Sunday, September 16, 2012

Except from an unfinished book

Several years back, a friend and I were working on a book about debt. For various reasons, the book was never finished, but I always liked this excerpt from it. It's good advice we should all follow.

Excerpt from Debt Free At Last! 50 Ways to Win Your Financial Freedom

Do you have a saving account? If not, why not? We don’t think there’s any good reason not to have one. You can start one with as little as $20. This is a priority. You must have a saving account as soon as possible.

And you must start saving some money immediately. It doesn’t matter that you’re not socking away hundreds of dollars. It only matters that you have a savings plan that you can handle and control.

You might notice we didn’t say anything about looking at interest rates on a savings account. Do look around for the best rate you can find, but the sad truth is savings accounts rarely pay as much interest as what inflation is taking from you. That doesn’t matter. You want your savings account for other reasons; making money is not its primary purpose.

Its primary purpose is to protect you and your family from financial emergencies. Before you invest in CDs or any other financial products, you should have an emergency fund first. We recommend at least three months salary; more is better, but get some money put away as soon as you can.

What is the emergency fund for? It’s not to buy clothes or birthday presents or designer purses. It’s for real emergencies. Here’s a list of emergencies and non-emergencies:

Paying the deductible on your car insurance so you can get your car repaired after an accident – Emergency.
Getting a tattoo – Non-emergency.
Paying your bills after you’ve been laid off – Emergency.
Buying a new flat screen TV – Non-emergency.
Paying unexpected medical expenses – Emergency.
Repairing your car so you can get to work or job search – Emergency.
Purchasing the latest video game – Non-emergency.
Repairing your home heater after it quits working – Emergency.
Taking a vacation – Non-emergency.
Replacing your prescription eyeglasses – Emergency.
Buying designer frames for your eyeglasses – Non-emergency.

You could possibly turn some of those emergencies into non-emergencies if you’re able to work out payment plans and can tap other resources. For instance, some automotive body shops will waive your deductible or let you pay that amount out since they’re getting the majority from your insurance company. And medical providers usually have some type of payment plan. Investigate your options before depleting your fund. You don’t want to tap your emergency fund unless you have to. It’s there behind you, protecting you and your family from the insecurities of life.
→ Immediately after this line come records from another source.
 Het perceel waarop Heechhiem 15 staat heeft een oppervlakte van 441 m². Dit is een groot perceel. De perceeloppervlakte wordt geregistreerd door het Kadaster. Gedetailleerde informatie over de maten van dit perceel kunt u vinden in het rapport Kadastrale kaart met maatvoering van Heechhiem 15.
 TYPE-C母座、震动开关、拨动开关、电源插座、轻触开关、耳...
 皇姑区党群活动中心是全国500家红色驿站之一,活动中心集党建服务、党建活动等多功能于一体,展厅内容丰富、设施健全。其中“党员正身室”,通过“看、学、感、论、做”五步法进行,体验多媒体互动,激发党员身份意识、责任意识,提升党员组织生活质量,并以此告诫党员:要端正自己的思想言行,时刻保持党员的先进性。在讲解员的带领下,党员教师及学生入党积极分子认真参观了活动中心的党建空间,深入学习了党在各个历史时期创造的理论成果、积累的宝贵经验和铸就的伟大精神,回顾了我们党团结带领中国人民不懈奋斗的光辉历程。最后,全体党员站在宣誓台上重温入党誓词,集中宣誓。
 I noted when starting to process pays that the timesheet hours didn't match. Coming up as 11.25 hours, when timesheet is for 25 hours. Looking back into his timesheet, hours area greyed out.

If you protect it, it will protect you.

The second purpose of a savings account is to get you used to the idea of saving money. Many people do not have this habit. Money burns a hole in their lives. They have nothing and will never have anything – unless they win the lottery -- because they save nothing. (And if that millions-to-one chance happens and they do win the lottery, you can be assured they will be broke again soon enough.)

You’re not one of those people. You understand the importance of the habit of savings. You take care of your home, car, and your relationships because you want them all to last as long as possible. You’re smart, aren’t you?
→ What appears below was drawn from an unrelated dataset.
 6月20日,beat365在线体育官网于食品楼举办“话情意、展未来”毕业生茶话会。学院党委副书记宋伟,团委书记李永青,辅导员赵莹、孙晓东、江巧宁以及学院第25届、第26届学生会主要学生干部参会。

The third – and perhaps most important – purpose of an emergency fund is to give you and your family a sense of security. In this insecure world in which stock markets crash and jobs are here this morning and gone this afternoon, you are planning for the future. You are going to see to it – to the best of your ability – that you and your family don’t have to do without clothing, food, or shelter. You’re who stands between them and the problems of financial ruin. They are fortunate they have you because you’re going to take care of them.

Remember this: it doesn’t matter how much you save at the beginning as long as you save some. Five or 10 dollars a week is fine if that’s what you can manage. As long as you consistently save money, you will soon see your savings increase. And that little bit of interest you receive is the cherry on top.

Look at your budget. (We just made one, remember?) See how much you can put into an emergency fund savings account this month, this week, now. Is it more important to have all those premium channels on your TV or to secure you and your family’s financial future? It’s an easy decision to make when you take the long view. And you’re a smart person so the long view is easy for you.

Start a savings account now. Someday – maybe sooner than we hope - you and your family will be glad you did.